Я не верила в Элину смерть, я не верила, что в синем гробу в белой кружевной косынке лежит Элюша, плотно сжав бледные губы, и на худом её пальчике – так и осталось пластиковое колечко с Микки Маусом.
Намного позже я приняла и поняла Элину смерть и то, что я не выполнила её последней просьбы, такой простой, такой несложной и прозрачной, – поиграть!
Почему так получилось? Почему именно в тот вечер я не поиграла с ней, не сказала тёплого слова, не поцеловала?! Или это постоянное тяжелое чувство вины дано мне для того, чтобы я всю жизнь признавала себя виноватой перед всеми людьми?
…Тогда, после смерти Эли, мне было очень плохо. И никакие слёзы и оправдания не приносили облегчения… «Но я же не телепат! Я не знала, что Элюша умрёт именно в эту ночь! Были и другие дни, когда мне было плохо, но я вставала и шла к сестре…» – оправдывалась я перед куклой Барби, но слёзы тоски невыносимо давили, и я понимала, что я – законченная эгоистка.
…В тот вечер я хотела покоя, отдыха. Помните реплику Старшего из сказки «Два брата» Шварца: «Оставь меня в покое!»? Правда, у Шварца всё заканчивается хорошо, как обычно бывает в сказках. А жизнь – не сказка, и я часто слышу в ушах просьбу Эли: «Поиграй со мной».

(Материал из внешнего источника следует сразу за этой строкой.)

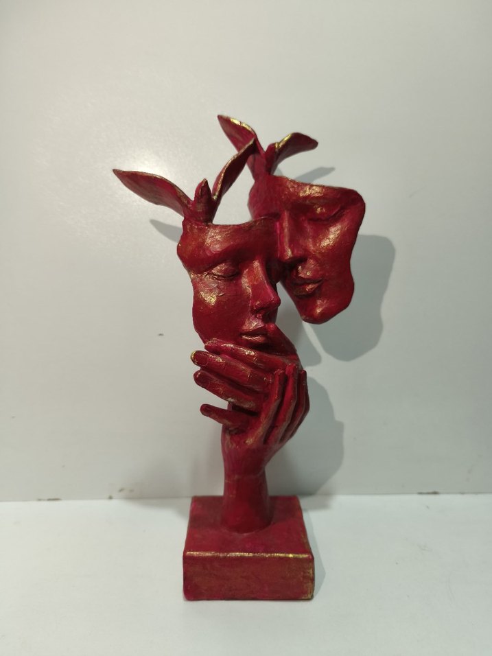 Koyu kırmızı renkte, iki yüz ve bir el figürlü soyut tasarıma sahip figürin. Kare taban üzerinde durmaktadır. ️
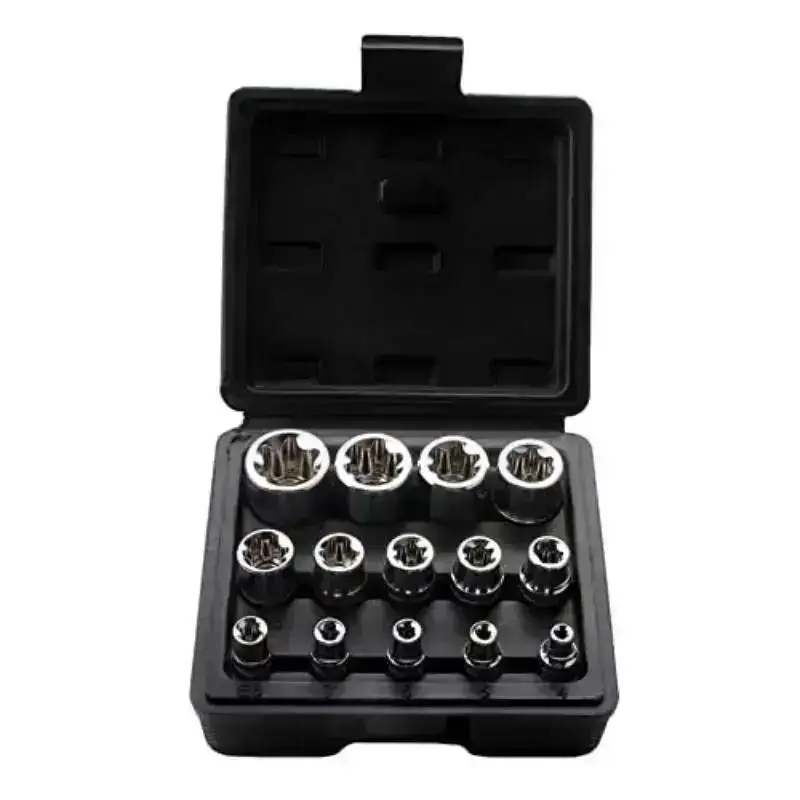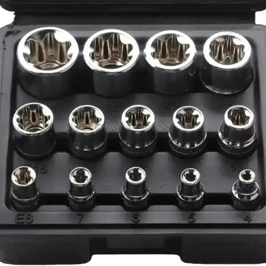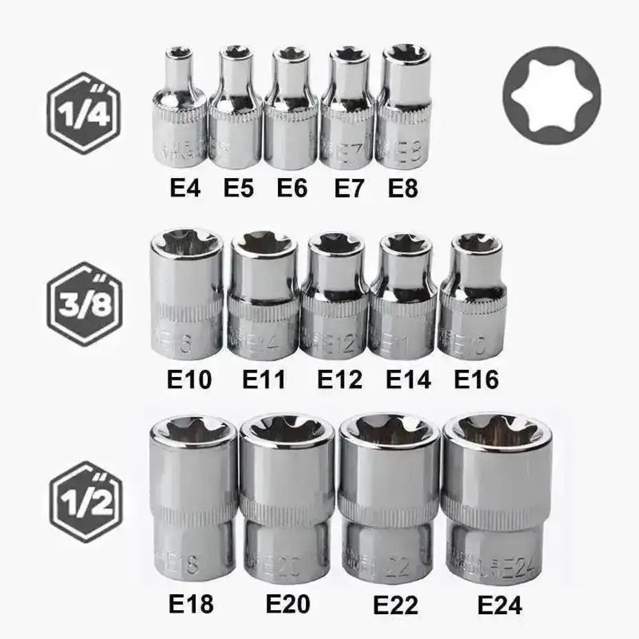 - 14 precision-engineered sockets in sizes E4 to E24, covering all common E-type Torx fasteners for versatile use across various projects.

Поиграть с ней я не смогу уже никогда, как бы этого не хотела. Но, слава Богу, есть Таинство исповеди и причастия, есть верующие друзья, есть люди, которым надо помочь, есть Крест для спасения. И это значит – надежда есть. И каждый год, каждую, робко прокравшуюся в город, весну, я начинаю особенно тосковать по сестре; и когда эта тоска наполняет меня до краев и дышать – физически — больно, я прошу отца Михаила отслужить панихиду на Элиной могиле, и привожу ей букетики теплой растрепанной мать-и-мачехи.Сестра любила эти простенькие цветочки.